The Taoiseach has ramped up his efforts to prevent the election of his party’s candidate to the Seanad amid fears such a result would prolong the pressure on the coalition over its handling of the issue.
As the controversy enters a second week, Enda Kenny publicly stated for the first time he will not be voting for Fine Gael candidate, John McNulty, in the secret ballot that closes this Friday.
He said he “respects” the Donegal businessman’s request not to elect him following criticism of his appointment to the board of the Irish Museum of Modern Art before his Seanad nomination.
“I filled my ballot paper over the weekend. I’m very clear on this. John McNulty issued a call himself as a candidate to say I do not wish Oireachtas members to vote for me. And I respect John McNulty’s call. I honour that call.
“I would expect that the members who have not yet voted will respect the call made by John McNulty himself. It’s very clear. He said I don’t wish Oireachtas members to vote for me and I expected that they will respect his call on that.”
His comments were echoed by a number of ministers, including Jobs Minister Richard Bruton, who said he expects Mr Kenny to emerge from the controversy a stronger leader than before. “I think he had led responsibly and effectively.

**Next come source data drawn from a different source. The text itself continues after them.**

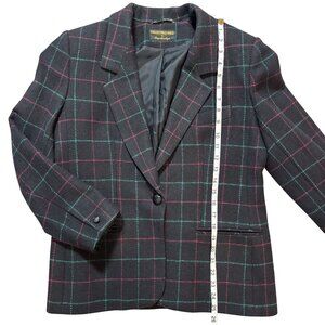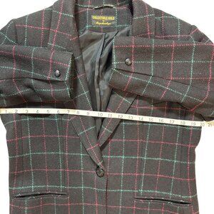 This blazer from Collectible Gold is tailored for a professional look with its plaid pattern and button cuffs. A versatile piece for business attire and formal settings. The jacket combines vintage style with modern elegance, enhancing any wardrobe.
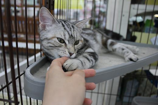 こんにちは松っあんです 今日はポカポカ良いお天気ですねぇ 早く帰って洗濯して松潤の弁護士ドラマの続きが見たーい!笑 はい。 今日は二和店からお借りしてそのまま頂くことになりました、 誰もが絶賛する美人。。。いや美猫さんのご紹介 まずはお決まりの・・・ カメラが気になるぅぅぅ~ か~ら~の~ かわいいポーズ か~ら~の~ 美猫さんみーっけ アメリカンショートヘアの女の子。(H27.12.24生まれ) よーく見ると目のアイラインが茶色のとってもおしゃれさん! 顔周りも美白なのでもう言うことなしですね 月齢にしては小柄な方だと思います。 ・・・が毎日毎食よく食べるご飯大好き女子。 ものの数分でペロリと完食してしまいます。笑 写真じゃわかりにくいですが シルバーパッチドタビーなので 背中やお腹周りに茶ポチがポツポツついています。 そして活発! 3段ゲージの枠部分を起用に使って上り下りする、 男子に負けないたくましさ! (たまに派手に落下しますが。。。) そんな活発な部分もありますがそれを上回るほどの甘えんぼさん まだ甘噛みしますが全然痛くありません! むしろ ザラザラ舐めてくれます。 そんなあまあまな美猫アメさん。 いつでもおさわり自由ですよぉ~ 変なポーズ!笑
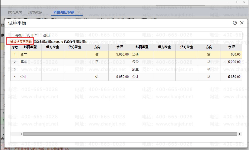 还有一种情况就是资产负债表期初就不平。期初造成的期末余额不平,先在科目期初中进行试算平衡,然后再将科目期初与之前的期末数据进行核对,再将科目期初补录好后再出报表;
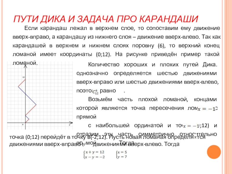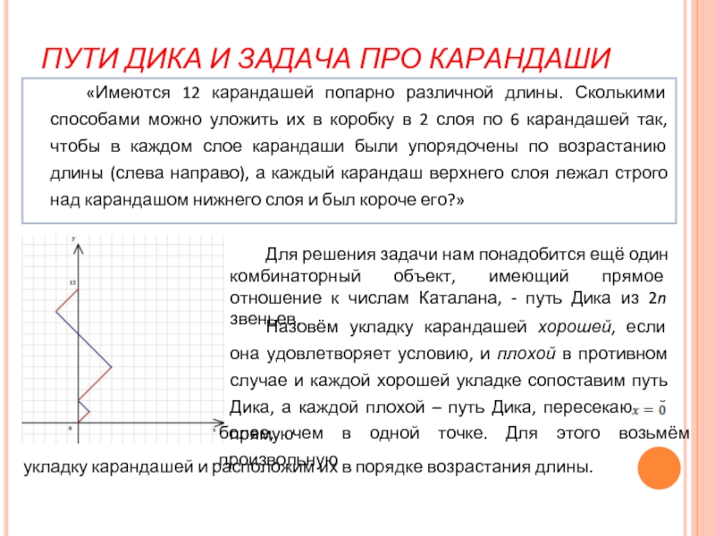 Назовём укладку карандашей хорошей, если она удовлетворяет условию, и плохой в противном случае и каждой хорошей укладке сопоставим путь Дика, а каждой плохой – путь Дика, пересекающий прямую
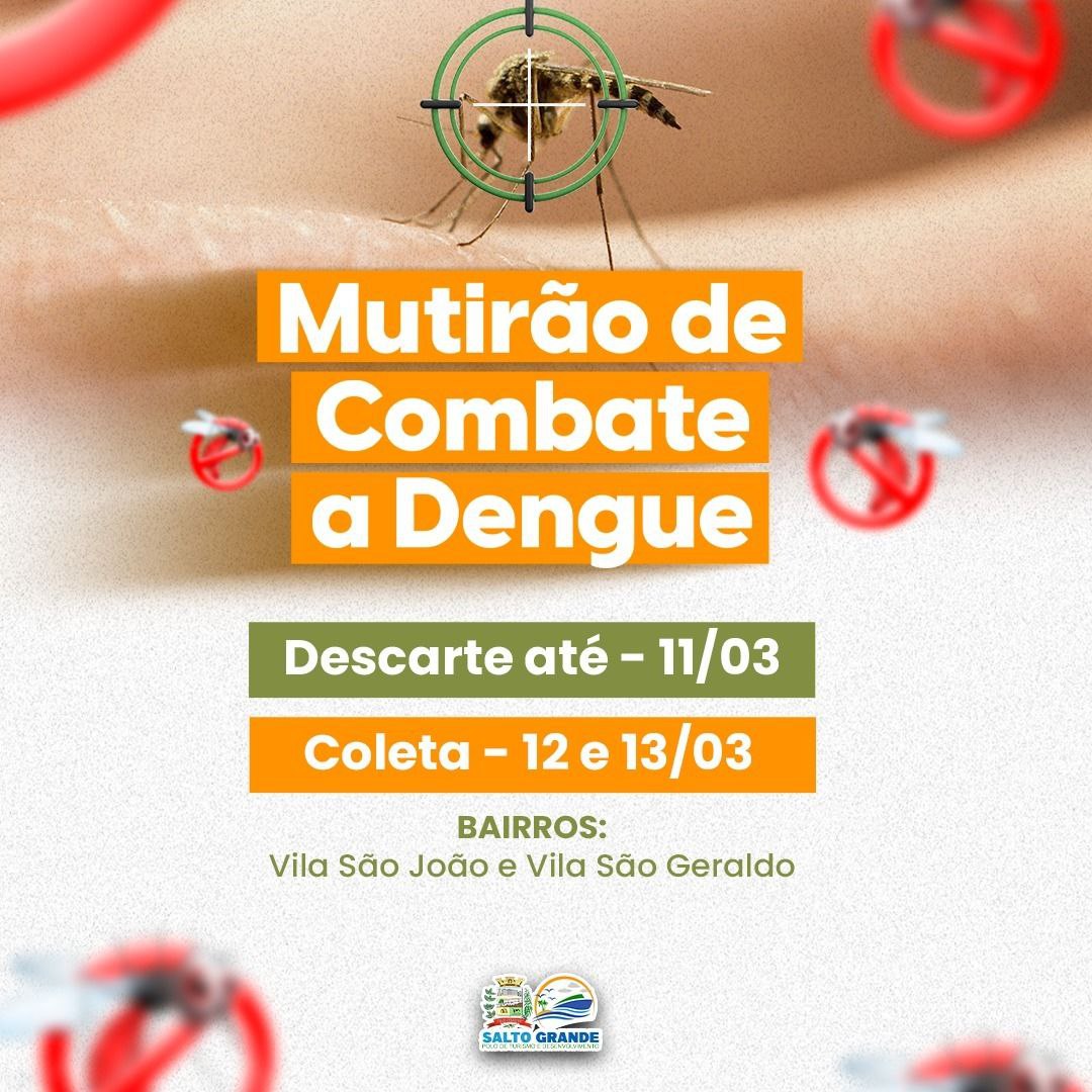 A Prefeitura de Salto Grande está intensificando as ações de combate à dengue, diante do avanço da doença em várias cidades e do risco de transmissão no município. Para isso, será realizado um grande mutirão de limpeza visando eliminar os criadouros do mosquito Aedes aegypti, transmissor da doença.

Very few politicians in the past have been willing to accept that mistakes have been made and to fix them.
“That is what the Taoiseach had done. He recognises that the reason we have been elected to Government is to fix a lot of the challenges — most importantly the economic challenge.”
Mr Bruton said he had respected Mr McNulty’s wishes people would not vote for him. “It is business as usual as far as I am concerned.”
Health Minister Leo Varadkar has also said he will not vote for Mr McNulty: “In my view, the election to the parliament of a candidate who has withdrawn would not be a good thing for the political process.”
Agriculture Minister Simon Coveney also said last night he had not voted for Mr McNulty.